- Genre: Game show
- Presented by: Marc Summers
- Starring: "Gorgeous George" Davidson
- Announcer: Burton Richardson
- Country of origin: United States
- No. of seasons: 1
- No. of episodes: 33

Production
- Running time: 22 minutes
- Production companies: LMNO Cable Group Fair Dinkum Productions Sugar Bros. Entertainment Game Show Network Originals

Original release
- Network: Game Show Network
- Release: December 9, 2002 – April 1, 2003

= WinTuition =

WinTuition is an American game show created as an original series for Game Show Network, on which it originally ran from December 9, 2002 to April 1, 2003. The game had a school-oriented theme in which three contestants competed to answer questions on general school-based subjects in an attempt to win a $50,000 college fund, hence the name of the show. The show was hosted by Marc Summers and announced by Burton Richardson. Henry Winkler served as the show's executive producer.

==History==
WinTuition went into production and first aired on GSN in late 2002. The show was produced by Henry Winkler and hosted by Marc Summers. Lisa Kennedy Montgomery (then known by her stage name of Kennedy), who at the time was the host of Friend or Foe?, hosted one episode in 2003 as part of an April Fool's Day prank in which the hosts of Game Show Network's original series traded places. Incidentally, the show's April Fool's Day episode was the final episode of the series.
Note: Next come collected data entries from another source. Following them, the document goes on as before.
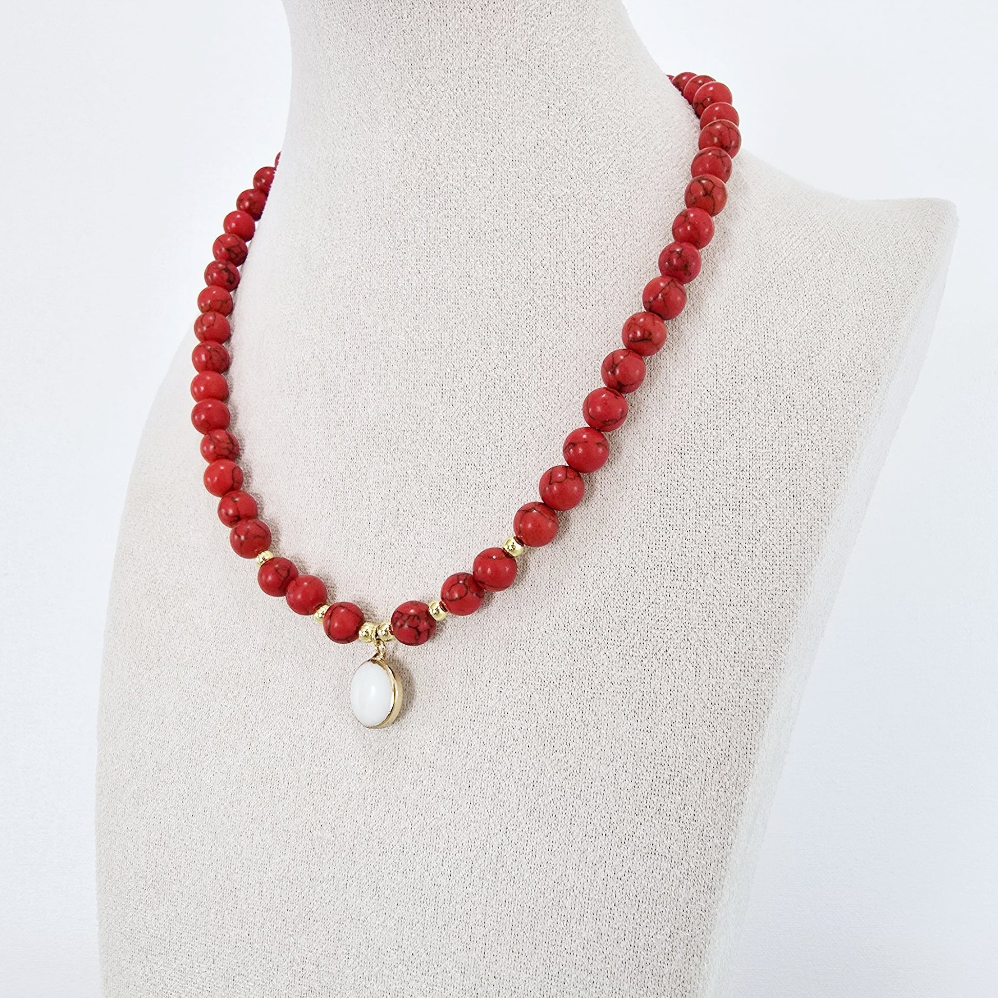 Elegante collar de piedras de turquesa roja, con cuentas y broche de acero bañados en oro, y un dije de concha natural de agua dulce chapado en oro de 18k. El diseño moderno y bohemio es perfecto para resaltar tu estilo.
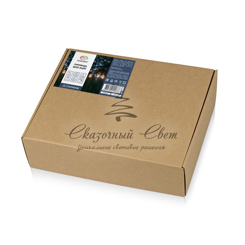 «Белт-Лайт» – популярная гирлянда для украшения фасадов домов, зданий, создания перетяжек между деревьями, столбами. Также такие гирлянды широко используются в украшении кафе, ресторанов, на свадебных площадках и в фотозонах. 10-метровый шнур оснащен 20 подвесными патронами с цоколем Е27. Патроны располагаются на иллюминационном кабеле с шагом 50 см. Для подключения к сети предусмотрен 3-метровый шнур с евровилкой. Для удобства использования предусмотрена возможность соединения гирлянды до 4-х комплектов. Провод находится в надежной изоляции из морозостойкого каучука. Вся конструкция защищена от влаги и пыли по стандарту IP44, поэтому предполагается размещение как дома, так и на улице. Гирлянда длиной 10 метров станет прекрасным украшением интерьера или экстерьера.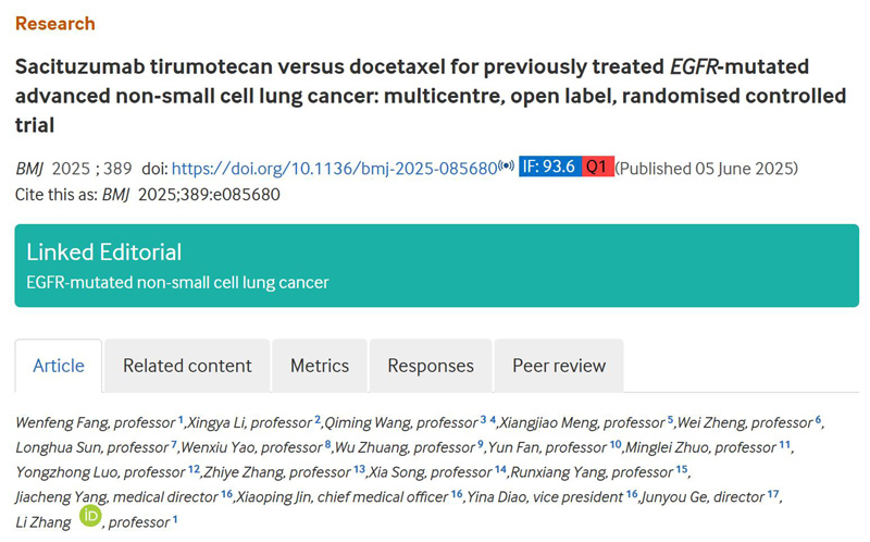 该研究由河南省医学科学院肿瘤研究所、河南省肺癌诊疗中心主任、河南省肿瘤医院肿瘤内科王启鸣教授团队,与中山大学肿瘤防治中心张力教授、方文峰教授等专家团队合作完成。该研究聚焦晚期EGFR突变非小细胞肺癌患者面临的后线治疗困境。这些患者在一线EGFR靶向药治疗和二线含铂化疗失败后,后续治疗选择极为有限,且耐药问题突出。研究首次证实,我国自主研发的抗体偶联药物芦康沙妥珠单抗(sac-TMT)疗效显著优于传统化疗方案多西他赛。这为解决上述难题提供了全新的精准治疗选择。王启鸣教授为文章共同第一作者。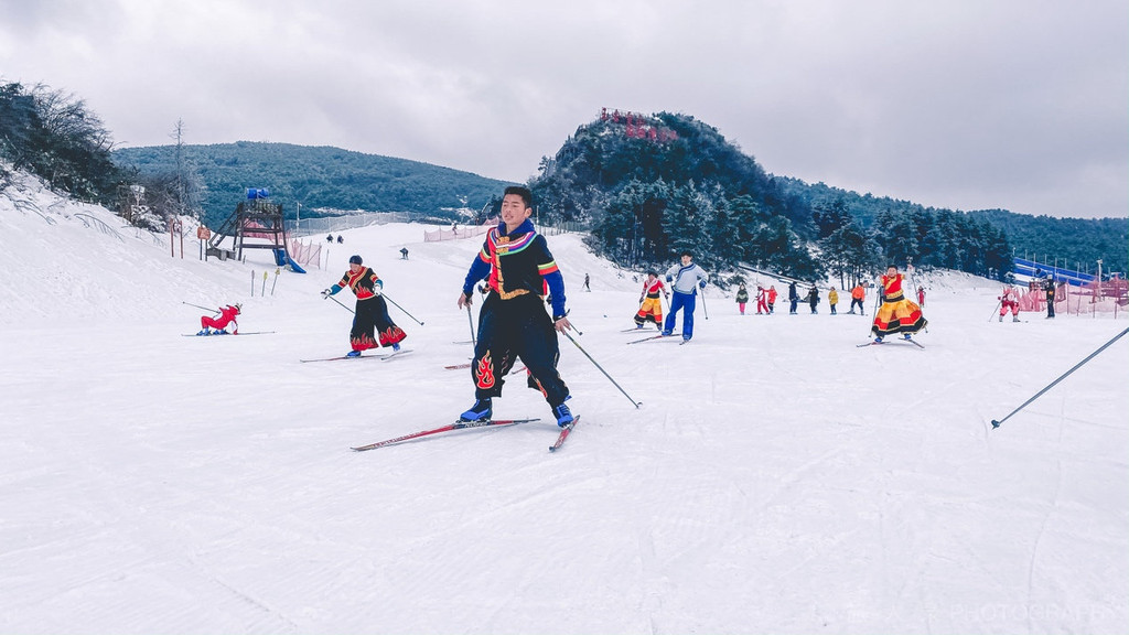 穿着少数民族服装的少男少女,在雪中滑雪的场景诠释着独特的风格!
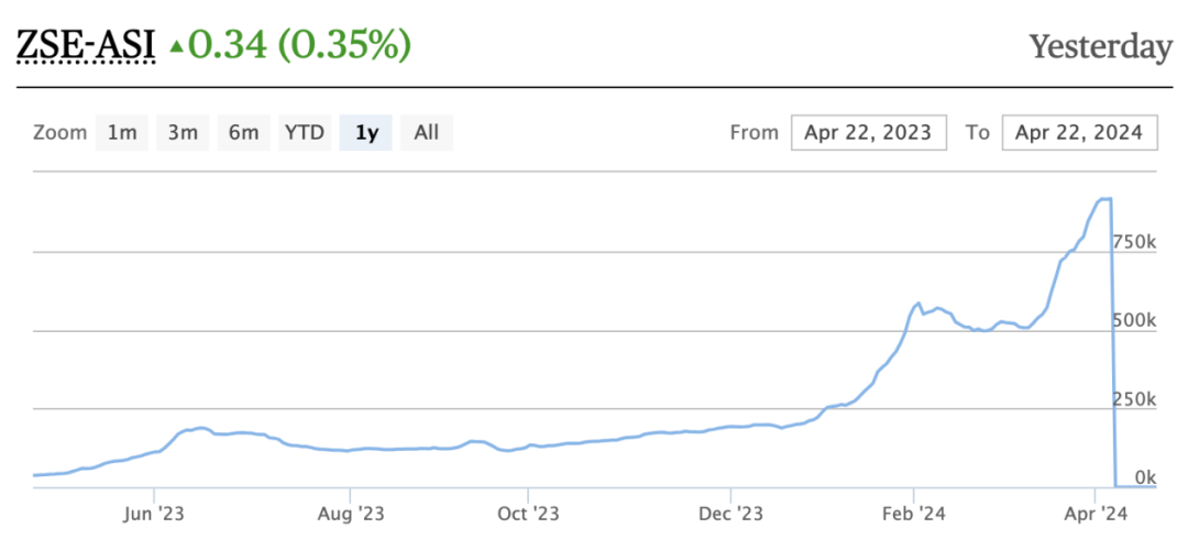 自2024年4月5日津巴布韦央行推出ZiG(津巴布韦新货币“津巴布韦金”的简称)以来,津巴布韦证券交易所全股指数出现罕见暴跌。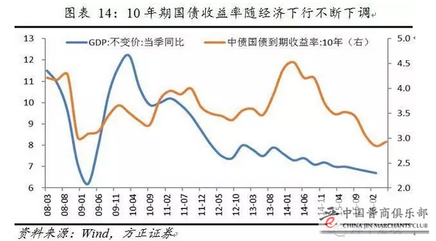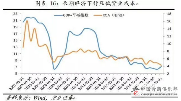 中国利率市场化以来,资产对绝对收益不断下降。2015年下半年的长久期债、2016年初的低信用债、2016年一季度的信托票据产品以及2016年二季度的委外资金的收益率分别出现了相对其他品种更快的下降,资金在一点一点地通过加大风险容忍度来换取高收益。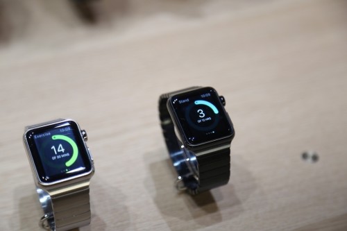 发布会现场并未公布两款产品的屏幕尺寸何分辨率,根据网络上流传的应用开发资料看(非苹果官方数据),38及42毫米Apple Watch的屏幕分辨率不同,其中38毫米款式屏幕分辨率是340×272像素,而42毫米款则是390×312像素;屏幕尺寸是1.33及1.53英寸。
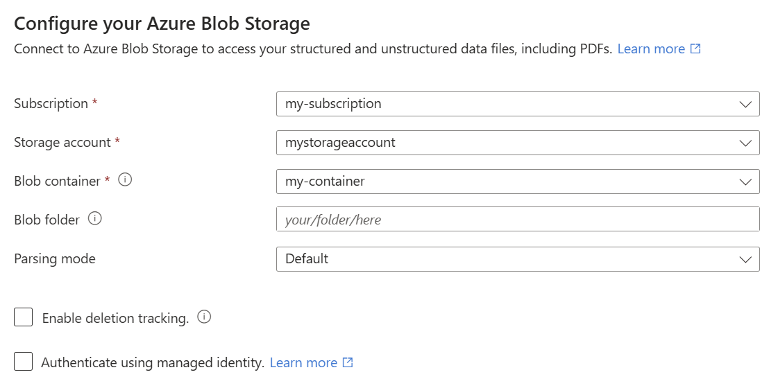 On the Connect to your data page, select the Data Source dropdown list, and then select Azure Blob Storage.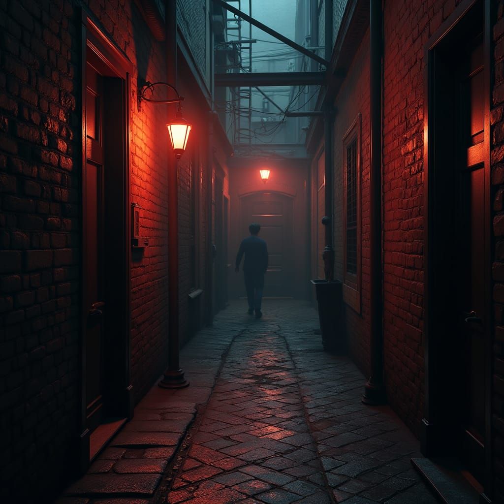 Digital matte painting. A mysterious back-alley entrance to a 1920s speakeasy is guarded by a bouncer and a secret password. The alley is dimly lit and filled with shadows. Deep color, fantastical, intricate detail, splash screen, complementary colors, fantasy concept art, 8k resolution trending on Artstation ...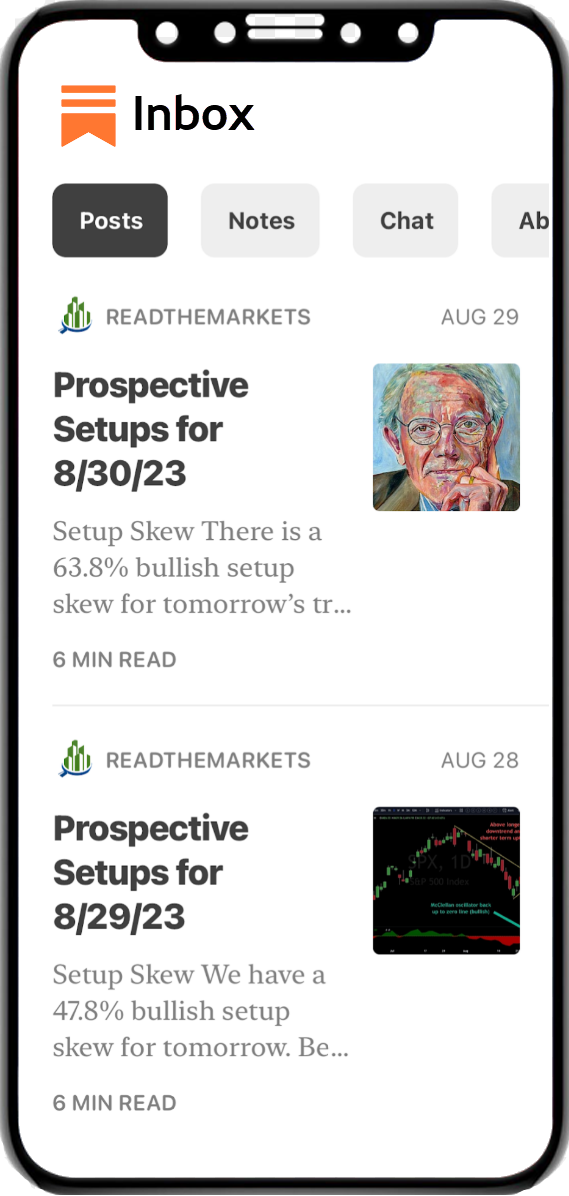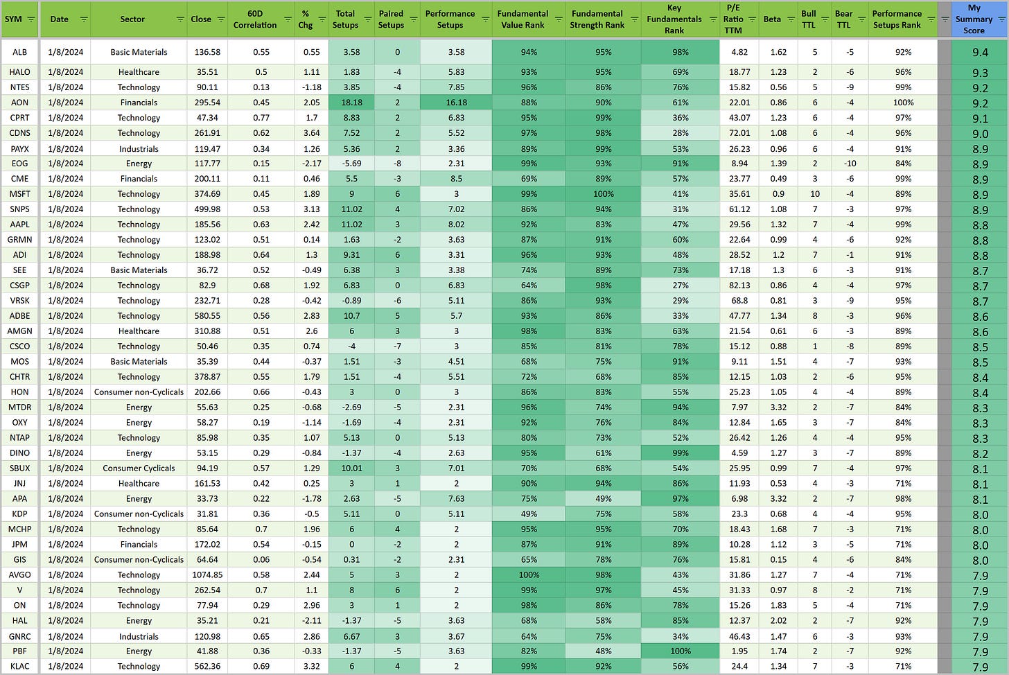 Use the Spreadsheet: Click the link above (orange text)! If you’re reading this email, 80% of any value you can extract from it is stored in the spreadsheet where I update six tabs of stock analysis daily (the rest of the stuff here is just me blathering on about who knows what…) So, click the link and work the spreadsheet to create your own watchlists. You can create your own single-metric analysis score by ranking four metrics from 0 to 5. It’s a great shortcut for finding setups you’re interested in.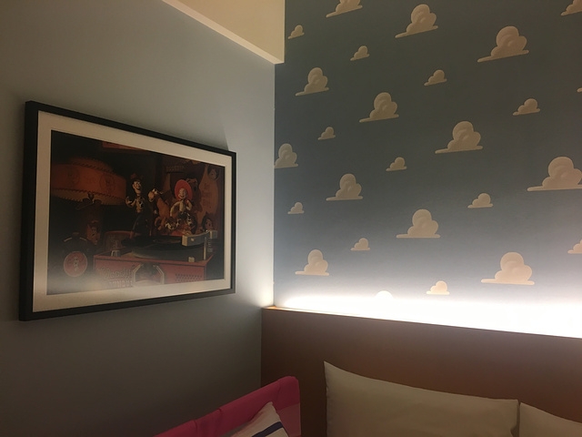 中午1点40的航班飞上海,熟悉鑫妈的朋友都知道,给小宝贝订航班也是有讲究的,主要要根据小朋友的作息时间来安排。鑫宝一直有午睡的习惯,哪怕只睡二十分钟,或者坚持到下午五点,也是必须要打个盹儿的,否则就会不高兴。所以中午的航班正好配合了鑫宝的睡眠,三个小时的飞行时间饱饱地睡一觉,醒来就又满血复活了。果然,鑫宝上了飞机新鲜劲一过便美美地睡着了,下午4点半飞机降落在上海浦东国际机场。这次出行没有提前预订接送机,本来是打算直接打车,结果因为有某程的优惠券,所以我们在成都机场临时预定了一个商务车接机。顺利地取到行李,和司机联系上,大约二十分钟,我们已经到达了迪斯尼乐园的“玩具总动员”酒店。办理好入住手续,顺利地拿到提前在网上定好的二日游门票,就万事俱备只欠东风了。宝贝们在酒店上窜下跳各处溜达了一圈,顺便在酒店解决了晚餐。因为是迪斯尼园区内的酒店,所以整个酒店有很多适合小朋友玩的迪斯尼元素,酒店也有配儿童游戏室,所以吃完晚餐小朋友们便去了儿童游戏室。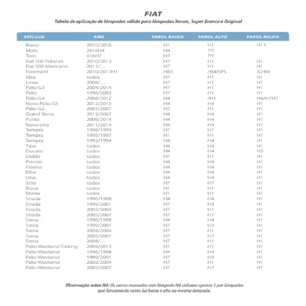 Aplicação para farol baixo nos seguintes carros: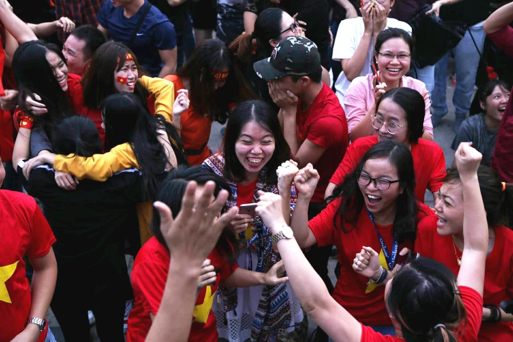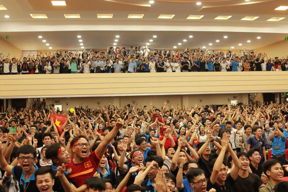 Sinh viên ở Khu KTX Đại học Quốc gia vui mừng với bàn thắng của Quang Hải. Ảnh: Tỷ Điểu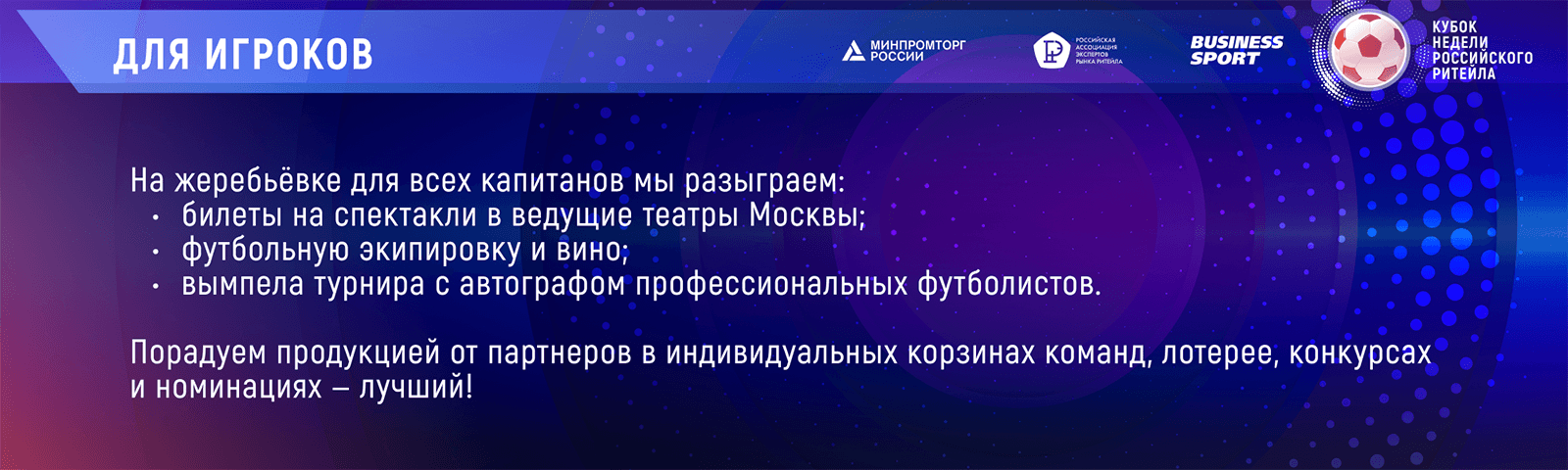 «КУБОК НЕДЕЛИ РОССИЙСКОГО РИТЕЙЛА» является ярким продолжением спортивных мероприятий, проводимых при участии ритейлеров с 2010 года и уже стал настоящим центром притяжения корпоративного спорта всей российской розницы.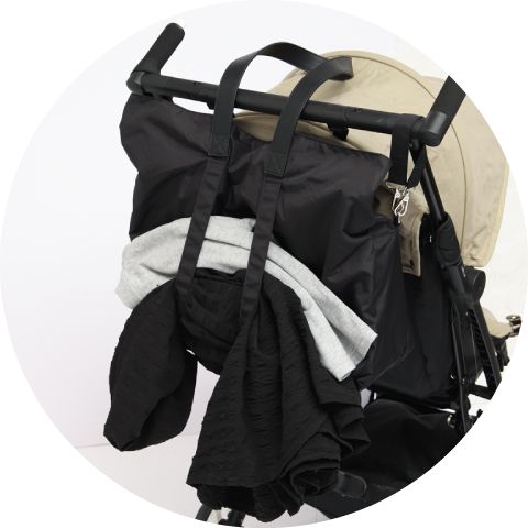 長い移動もらくらく - 両サイドには丸いフック型のループが付いており、フックがないベビーカーにも掛けられます。バッグを持っている時間が減らせてママ・パパの負担も少なくなりますね。赤ちゃんと一緒にアクティブに長い時間使用する旅行バッグとしてもおすすめです。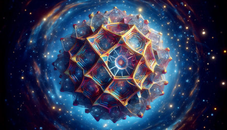 An abstract, geometric sphere composed of interconnected cells, illuminated from within by vibrant cyan and magenta light, with floating particles creating a sense of depth and wonder.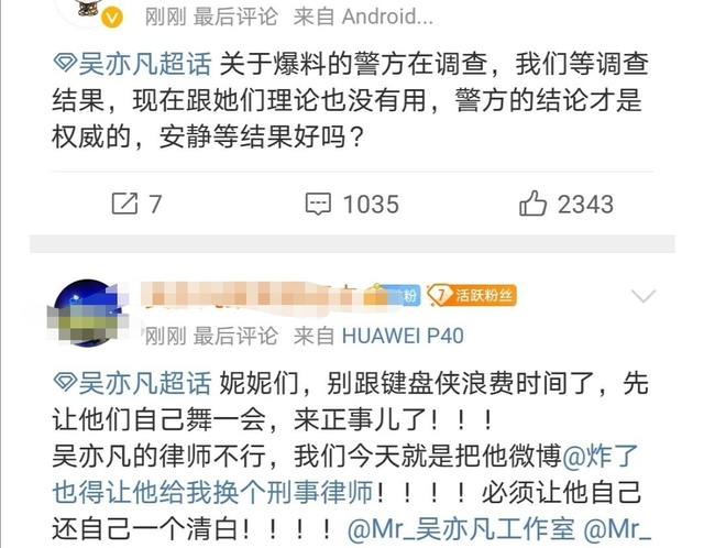 还有网友假扮吴亦凡粉丝,进入粉丝群后才发现里面的聊天内容更震撼,有粉丝表示,一定要筹钱帮吴亦凡换律师,如果他不能帮助凡凡获得清白,那么就冲爆他的账号,话说这观点一提出来,谁还敢帮他辩护?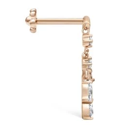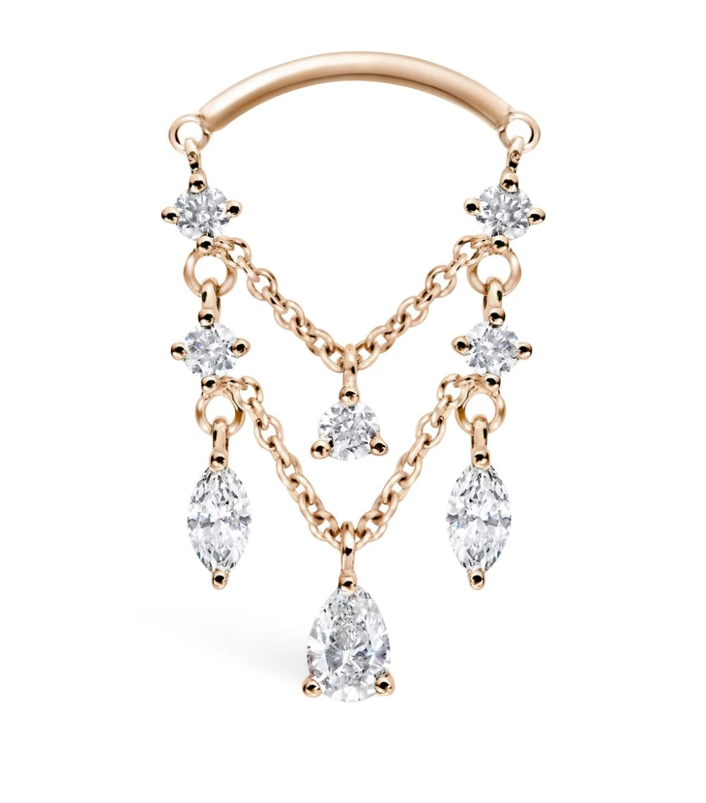 With a gift for design, MARIA TASH brings new life and meaning to your jewellery collection with distinct pieces such as the Diamond Drape Chandelier singlestud earring. A pioneer in the concept of the curated ear – a mode that champions embellishment-heavy looks with multiple piercings – the New York-based jeweller lends extra movement to your unique combinations by mimicking the structure of the extravagant ceiling decoration. Round, marquise and pear-shaped diamonds are here connected by thin yet sturdy, nickel-free and hypoallergenic chains for a layered finish reminiscent of a cascade of sparkles, with the curved bar neatly concealed into the fold of the ear.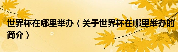 本文關于世界杯在哪里舉辦的簡介就講解完畢,希望對大家有所幫助。

Burton Richardson announced the show, and a male model identified as "Gorgeous George" Davidson occasionally brought out props related to the questions.

==Gameplay==
The main game was divided into twelve levels, or "grades," with each level containing question material appropriate to that particular grade. The subject of each grade was announced before the question was asked. All three players started the game with 500 points.

===Round 1: Elementary School (1st-5th Grade)===
One buzz-in question per grade level was asked for the first four grades, while in fifth grade every player was asked his/her own question as part of a spelling bee or matching/guessing game. Correct answers were worth 100 points each; missed questions cost the player 100. In first through fourth grades, a miss allowed the opponents a chance to buzz in and steal the points. On some episodes, an elementary school age student provided a home viewer question before the commercial break at the end of this round, then gave the answer after the break ended.

===Round 2: Middle School (6th--8th Grade)===
Questions in this round had several correct answers (four each in sixth and seventh grades, seven in eighth grade), each of which was worth 250 points. Each player got to give one answer in turn, starting with whoever buzzed in first; once a player responded incorrectly, he/she lost no points but was frozen out of the rest of the question. If two players became frozen out, the third one could attempt any or all remaining parts. A question ended once all correct answers had been given or all three players missed, whichever came first. The player with the lowest score by the end of 8th Grade was "expelled" / eliminated from the game and received consolation prizes. In case of a tie for second place, a sudden-death toss-up question will be asked and will decide who will move on to High School.

The first player to give a correct answer in this round won a $200 bonus prize, either as a gift certificate for Domino's Pizza or as quarters ostensibly for "washing machines".

===Round 3: High School (9th-12th Grade)===
Starting with the leader, the two remaining players took turns answering questions ranging from 9th to 12th grade, with each grade consisting of a single question from a given subject. Correct answers awarded 500 points, while incorrect ones deducted 500. Each player could "cut class" once during this round after hearing the subject for a question on which he/she had control. Doing so forced the opponent to answer the question instead.

After the 12th grade question, the "Senior Year Showdown" was played, consisting of questions in a single subject chosen by the leader from two options. Players continued to answer alternating questions worth 500 points each, starting with the leader. As soon as a player missed a question, he/she lost no points but was frozen out of the round; if the leader missed first, the trailing player could continue answering questions in an attempt to tie or take the lead. The high scorer at the end of this round won a prize package and moved on to the bonus round, while the other received consolation prizes.

===Bonus Round: The $50,000 Final Exam===
Seated at the "Desk of Destiny" (a small wooden school desk), the winner had 60 seconds to answer 10 questions in various subjects. He/she could not return to passed or missed questions. Each correct answer awarded the winner $250, with a $50,000 college fund awarded for 10 correct answers.

==Airing history==
WinTuition aired daily at 8:30 p.m. eastern time on GSN. The show lasted for one season of 33 episodes.